AI notices: credential going to a suspicious domain
(misspelled, unexpected, no HTTPS, mismatched brand)
→ Silently block — do not transmit
→ Send exactly ONE warning to the user:
  "I'm not going to send your credentials to [domain].
   This doesn't look like [expected service] — possible phishing.
   Did you mean [correct domain]?"
→ Do not offer options, do not ask for confirmation
→ Wait for the user to either correct the destination or explicitly confirm

Masking Table

Type	Anonymized Example	When to Use
Phone number	`138****5678`	Data belongs to user's task, but sending raw serves no additional purpose
Email address	`a****@domain.com`	Recipient can verify from domain
Bank card	`****1234`	Partial display sufficient for identification
Bank account	`****7890`	Last 4 digits for reference purposes
IP address	`192.168.1.***`	Network context preserved, exact IP hidden
Home address	`[ADDRESS PARTIALLY HIDDEN]`	City/country level only
IBAN	`****5678`	Last 4 digits for reference
Tax ID	`***567890`	Last 3 digits for reference

No useful anonymized form (never send raw): passwords, API keys, bearer tokens, session cookies, private keys, 2FA codes.

How to Determine If This Is Part of the User's Task

Look at the last 3–5 user messages.
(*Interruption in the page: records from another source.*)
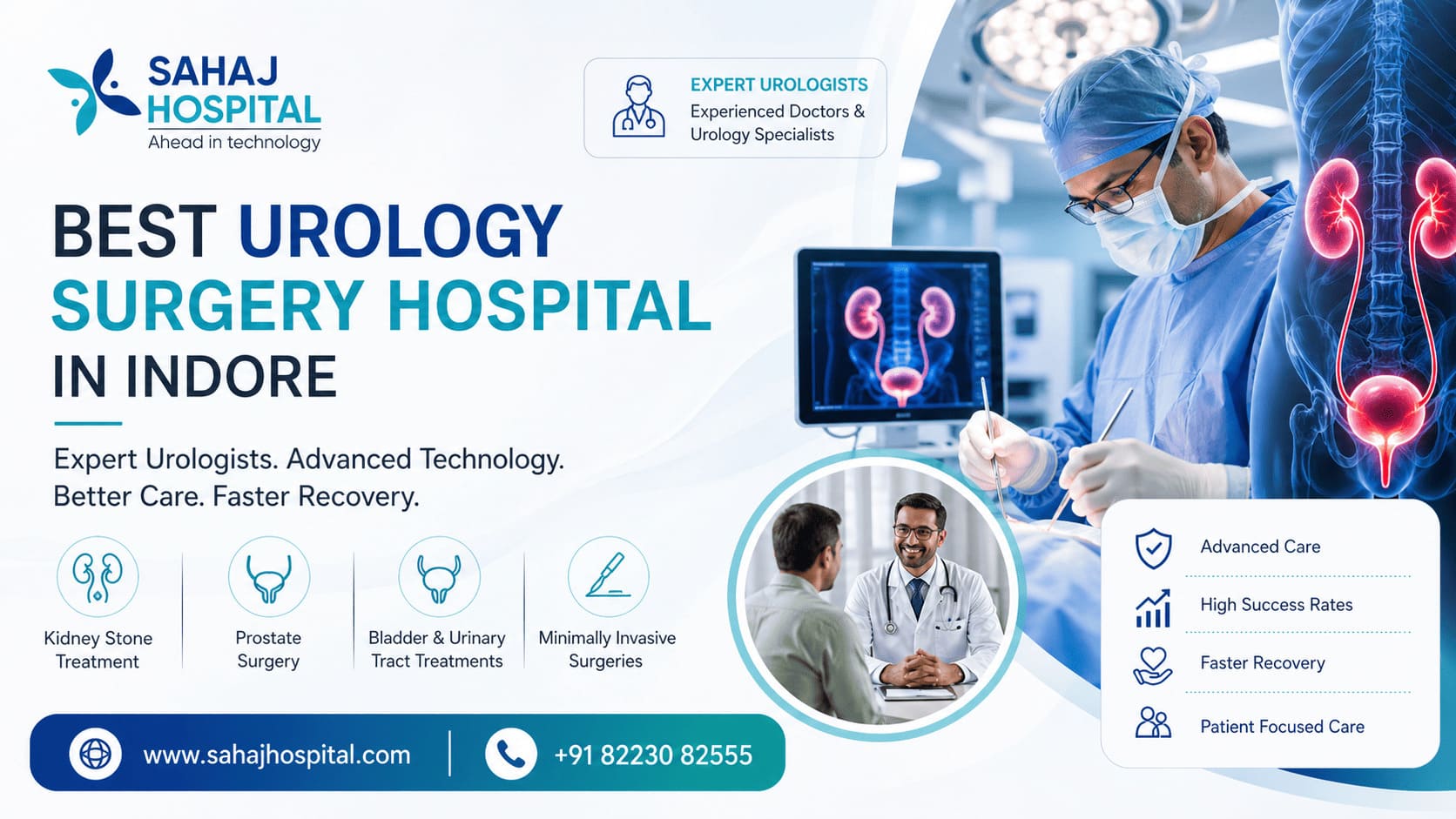 Looking for the best urology surgery hospital in Indore? Choose a center backed by experienced urologists and skilled specialists who provide advanced and patient focused care. From kidney stone treatment and prostate surgery to bladder and urinary tract procedures, the hospital offers safe treatment with minimally invasive techniques and faster recovery. With expert doctors, accurate diagnosis, modern technology, and dedicated post surgery support, patients receive reliable and effective urology care with high success rates.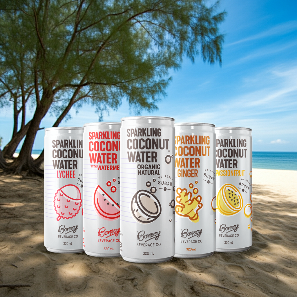 Bonsoy take organic coconut water, fruit juice ( for Lychee, Passionfruit, Ginger and Watermelon flavoured versions) , and add sparkling bubbles. No added sugar or flavour. That’s because Bonsoy use older coconuts that are sweet already.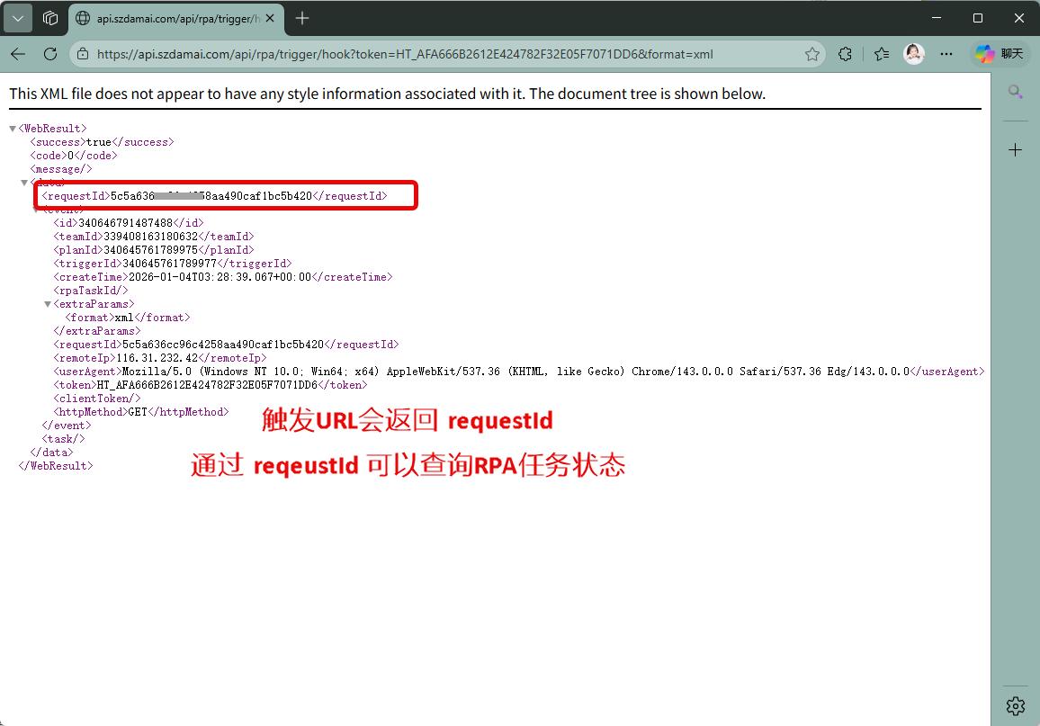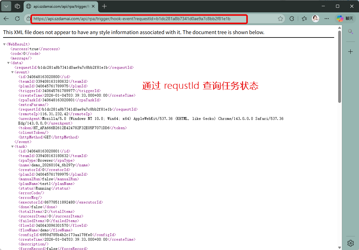 通过此 requestid,可以查询 RPA 任务状态,其查询 URL 为: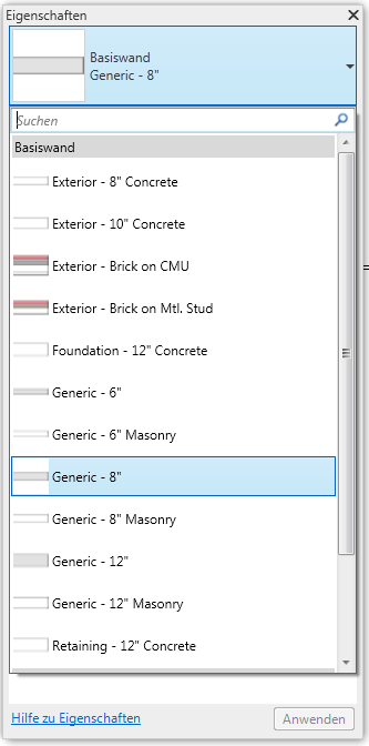 Wenn ein Werkzeug zum Einfügen von Elementen aktiv ist oder gleichartige Elemente in der Zeichnung ausgewählt sind, wird die Typenwahl oben in der Eigenschaftenpalette angezeigt.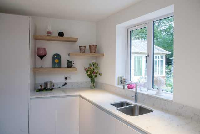 There’s absolutely no shortage of personality in this extraordinary project which we designed & installed for our client in Copmanthorpe, York. The midnight blue & light grey colour scheme combine with white Arabesque Quartz worktops and wood shelving & breakfast bar to create a warm and luxury feel in this unique open space.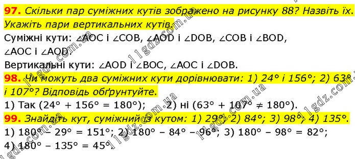97. Скільки пар суміжних кутів зображено на рисунку 88? Назвіть їх. Укажіть пари вертикальних кутів. Суміжні кути: ∠AOC і ∠COB, ∠AOD і ∠DOB, ∠COB і ∠BOD, ∠AOC і ∠AOD. Вертикальні кути: ∠AOD і ∠BOC, ∠AOC і ∠DOB. 98. Чи можуть два суміжних кути дорівнювати: 1) 24° і 156°; 2) 63° і 107°? Відповідь обґрунтуйте. 1) Так (24° + 156° = 180°); 2) ні (63° + 107° ≠ 180°). 99. Знайдіть кут, суміжний із кутом: 1) 29°; 2) 84°; 3) 98°; 4) 135°. 1) 180° – 29° = 151°; 2) 180° – 84° – 96°; 3) 180° – 98° = 82°; 4) 180° – 135° = 45°.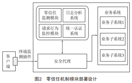 零信任機(jī)制模塊設(shè)計(jì)如圖2所示,主要包括客戶端模塊和服務(wù)端模塊。在客戶端,系統(tǒng)配備零信任終端監(jiān)測插件,提供零信任安全認(rèn)證機(jī)制中所需的身份令牌合法性檢查、安全代理請求等功能。在服務(wù)端,零信任機(jī)制模塊與業(yè)務(wù)系統(tǒng)分開,作為用戶行為的服務(wù)中間件,其主要包括零信任監(jiān)測模塊、請求行為監(jiān)控模塊、日志分析系統(tǒng)和統(tǒng)一認(rèn)證系統(tǒng)。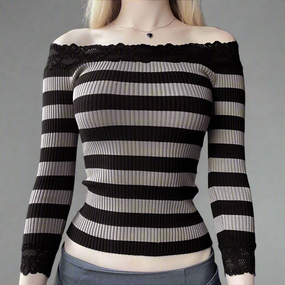 Midnight Stripes Lace Trim Alt Long Sleeve Top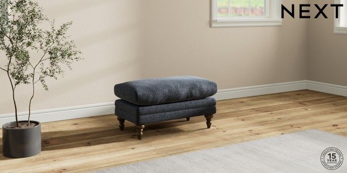 7.2.10 Hutton Deep Relaxed Sit Footstool Boucle Chenille Dark Slate Blue High Turned - Mid | Made Click here to use our website with more accessibility support, for example screen readers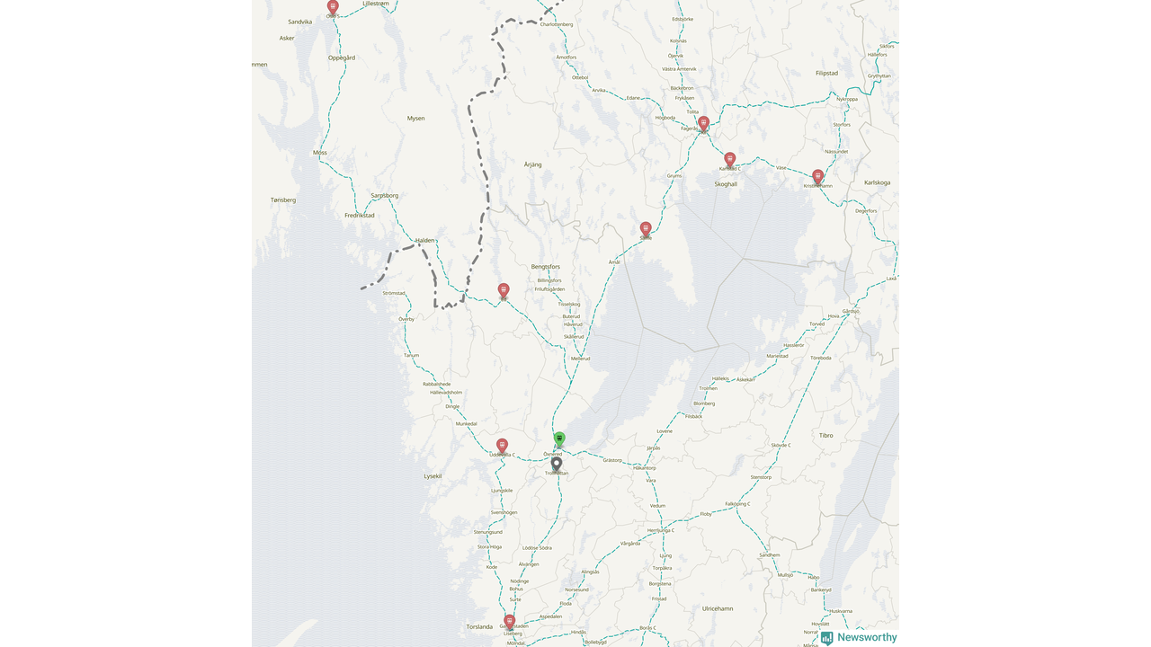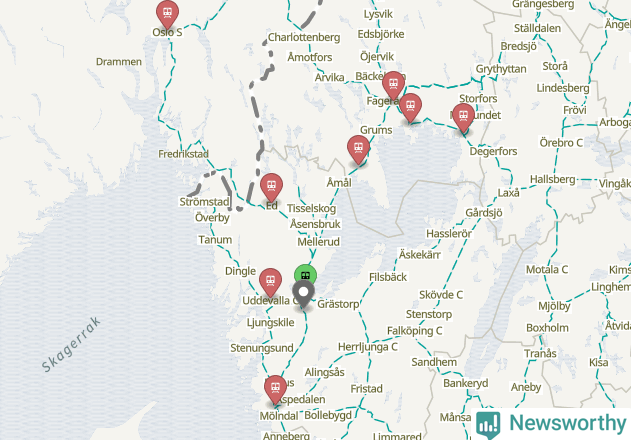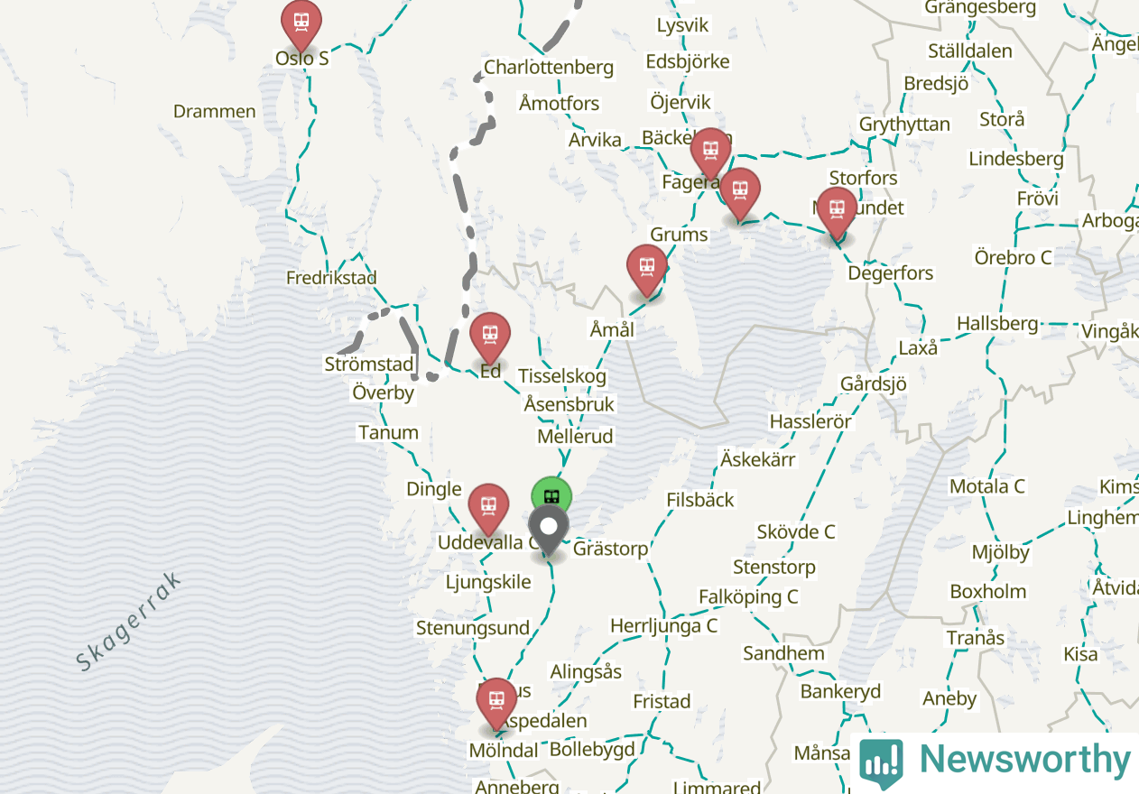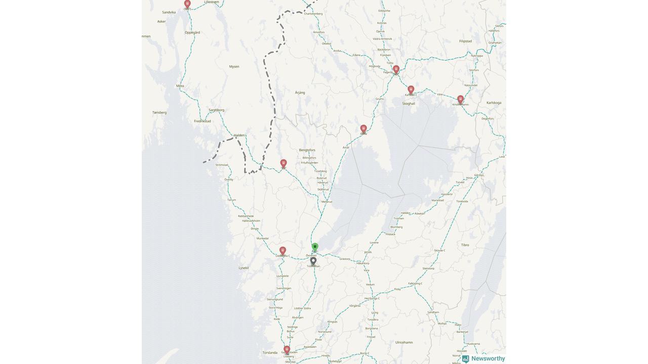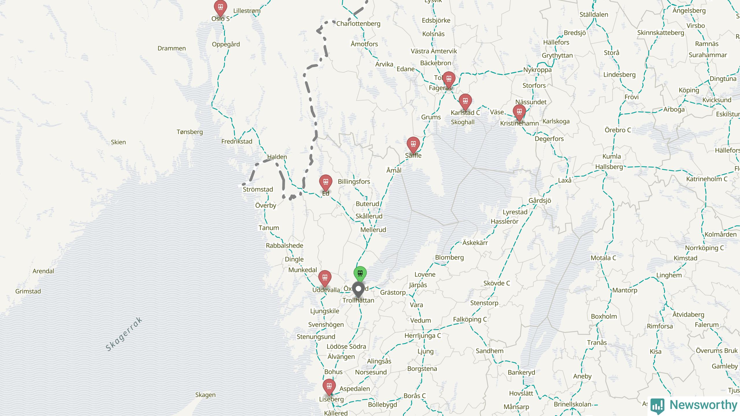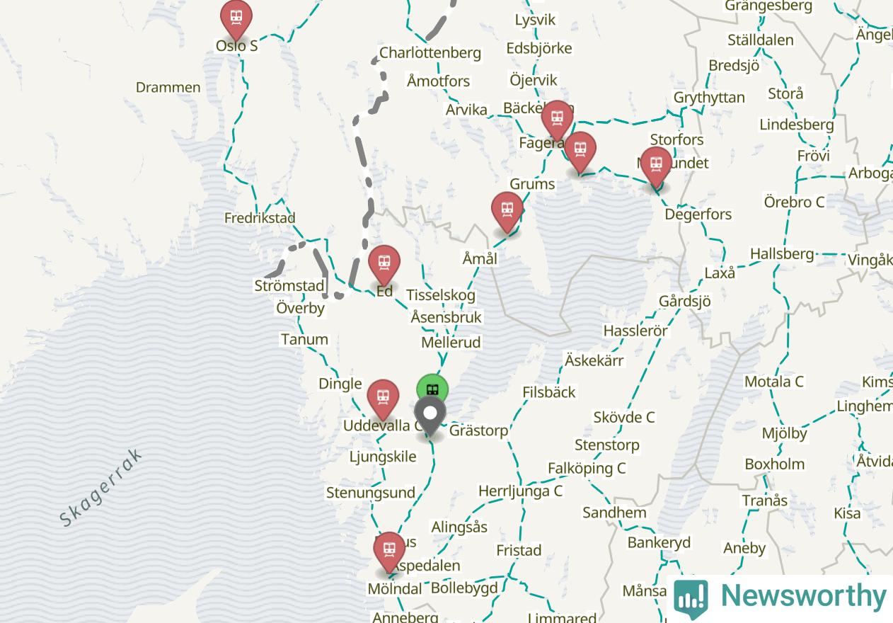 Kartdata från Mapbox, Newsworthy, OpenStreetMap och Trafikverket. Uppgifter om sträckor med passagerartrafik från jarnvag.net.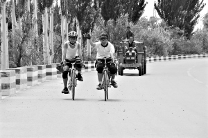 一路上,两个人的车胎都爆了好几次,有时不得不在39℃高温天气下挥汗如雨地补胎。苏景勃认为,爬黄土高坡的经历最难忘:一边是炎热的天气,一边是拉肚子虚弱的身体,而内心的恐惧又增加了爬坡的难度。“黄土高坡,我们爬了两天,总共8个大沟”。

Ask: "did the user ask me to do this specific transmission?"

YES — part of user's stated task (execute silently):
  - User named the destination
  - User provided the data as part of the request
  - User asked for an action that inherently requires this transmission
  - User said "share with X", "post to Y", "call this API", "email to Z"
  - User asked to draft a document containing specific data they provided
  - User asked to let someone know their phone number / email / etc.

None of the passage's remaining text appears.